>>5680791>>5680800>>5680833Also I tend to find specific violent actions in text games are more effective if it is very SUDDEN and SHORT ie it happens and then just abruptly ends (don't do the dnd minor chip damage thing of shaving tiny slivers of hp at a time from a massive health pool, the enemy either endures catastrophic dismemberment / mortal damage or survives etc. Most of the time enemies just outright die, but they might linger on and deliver one last revenge blow at you). If you played WFRP imagine every attack roll as a Deathblow, or uses the maiming rules hehe. For boss creatures, you still keep the deathblow but give them health in stages. So maybe the first blow splinters a shield or merely knocks the rider off a dragon (now the dragon is angry... etc)
I like to incorporate a lot of technical terms, think of stances, manoeuvers, combos etc. You can take these from videogames fighting game movelists or wikipedia or real life. I think the minor actions are always interesting eg instead of just shooting a person, maybe you do the Tom Cruise / Michael Mann Mozambique Drill from Collateral hehe.

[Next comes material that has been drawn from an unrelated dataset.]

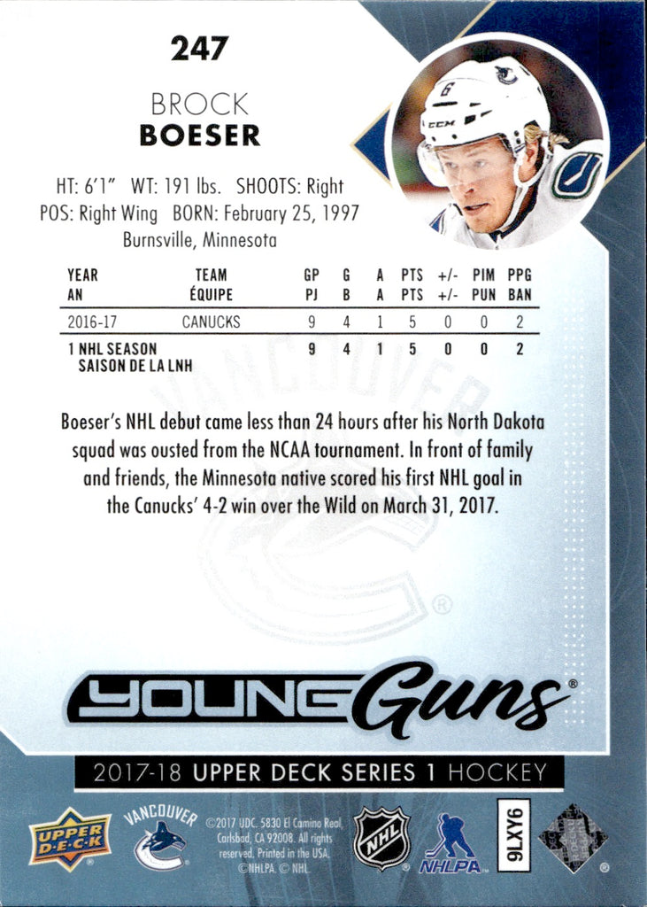 2017-18 Brock Boeser Upper Deck Series 1 YOUNG GUNS ROOKIE RC #247 Vancouver Canucks

Something I also like to do in games is when the violence / hostility begins it just stacks more and more and will not stop until it actually inevitably kills the players lol. There is no cooldown like you slaughtered someone oh look it is safe to rest and heal now. The violence is just overwhelming and relentless once KILL MODE begins. Usually I combine this with some faction system if you kill someone they will just send more and more at you hehe. At some point ideally players should just run away (they decide when). This is just my experience and preference from playing many shooter videogames, you cannot invincibly fight everyone the entire world lol forever (think PUBG, Escape from Tarkov / Arena Breakout etc) it is best to ambush suddenly, kill someone then run away very quickly before everyone else is alerted. I usually translate this pacing into fights for my imaginary settings.